If you’re building a social media site, it might not be the end of the world if a user likes a post twice, but if a system fails to record that a patient received a dose of medicine, it might have fatal consequences. For systems where correctness matters, we need better tools.

Proposed solution

I want an alternative to SQL that adopts Rust’s approach of fearless concurrency—that is, make the correct behavior the default, and provide “unsafe” escape hatches if necessary.

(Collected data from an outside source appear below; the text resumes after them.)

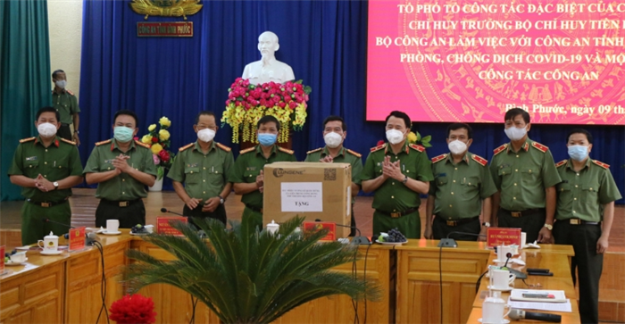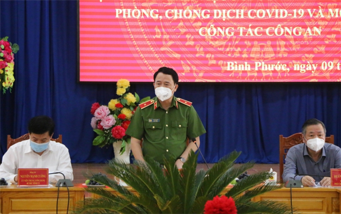 Báo cáo tại buổi làm việc, Đại tá Bùi Xuân Thắng, Giám đốc Công an tỉnh Bình Phước nêu rõ, từ khi bùng phát đợt dịch lần thứ tư vào cuối tháng 4/2021 đến nay, Công an tỉnh đã chỉ đạo lực lượng Công an cơ sở “đi từng ngõ, gõ từng nhà, rà từng người” để kiểm soát, quản lý chặt những người đi và về tỉnh Bình Phước; đồng thời, khẩn trương truy vết các trường hợp dịch tễ liên quan đến dịch bệnh COVID-19 do các tỉnh, thành phố thông báo để áp dụng các biện pháp cách ly, theo dõi. Ngày 30/6, tỉnh Bình Phước ghi nhận ca nhiễm COVID-19 đầu tiên là 01 thợ hồ có nguồn lây xuất phát từ tỉnh Bình Dương. Đến ngày 09/8, tỉnh Bình Phước đã ghi nhận 261 trường hợp nhiễm COVID-19. Qua điều tra dịch tễ, xác định nguồn lây từ TP. Hồ Chí Minh và tỉnh Bình Dương. Các trường hợp F0, F1, F2 đều được phát hiện, truy vết, cách ly kịp thời.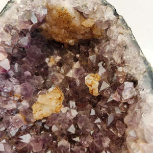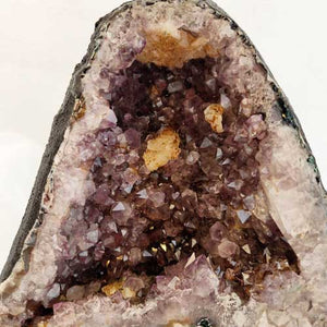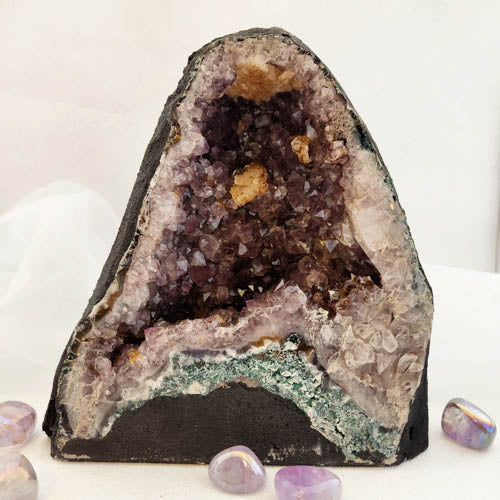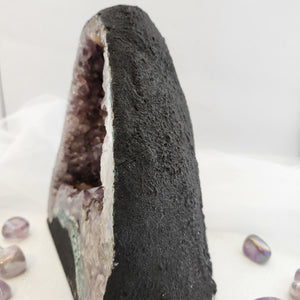 This Amethyst Geode is cherished for its calming energy, spiritual protection, and intuitive clarity. Formed as a natural hollow cavity lined with shimmering amethyst crystals, each amethyst geode is believed to gently radiate soothing, uplifting energy into its surroundings.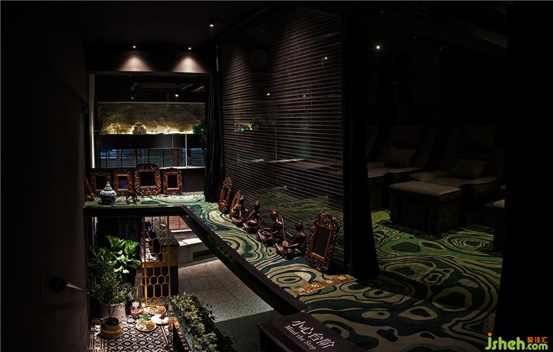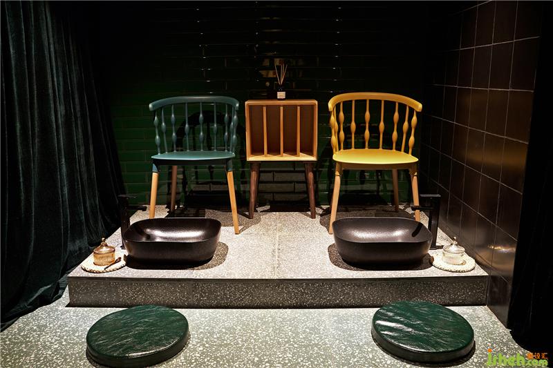 二樓,設(shè)計(jì)師在平衡空間關(guān)系時(shí)利用鋼簾網(wǎng)和活動(dòng)簾作隔斷,分隔出隨意陳列位,定制水波紋圖案手工地毯上展示泰國(guó)本土淘回的手工藝品,提升空間調(diào)性之余降低樓梯的局促感。足部按摩時(shí)消音的包裹式設(shè)計(jì)讓顧客快速進(jìn)入深度舒緩,達(dá)到休息的目的。

Some concrete suggestions:

• Make transactions atomic by default; if the user wants to save an intermediate “checkpoint” state they would have to say so explicitly.
• Let the user manage locks themselves, and make sure the correct locks are acquired before mutating a database object.
• Use static analysis to detect potential deadlocks; this is a tricky problem and a subject of ongoing research. Deterministic database systems could be one possible solution.

This system will come with other trade-offs; for example, it might end up with lower throughput than modern SQL systems. But that’s fine—we still have SQL for use cases where correctness is less important.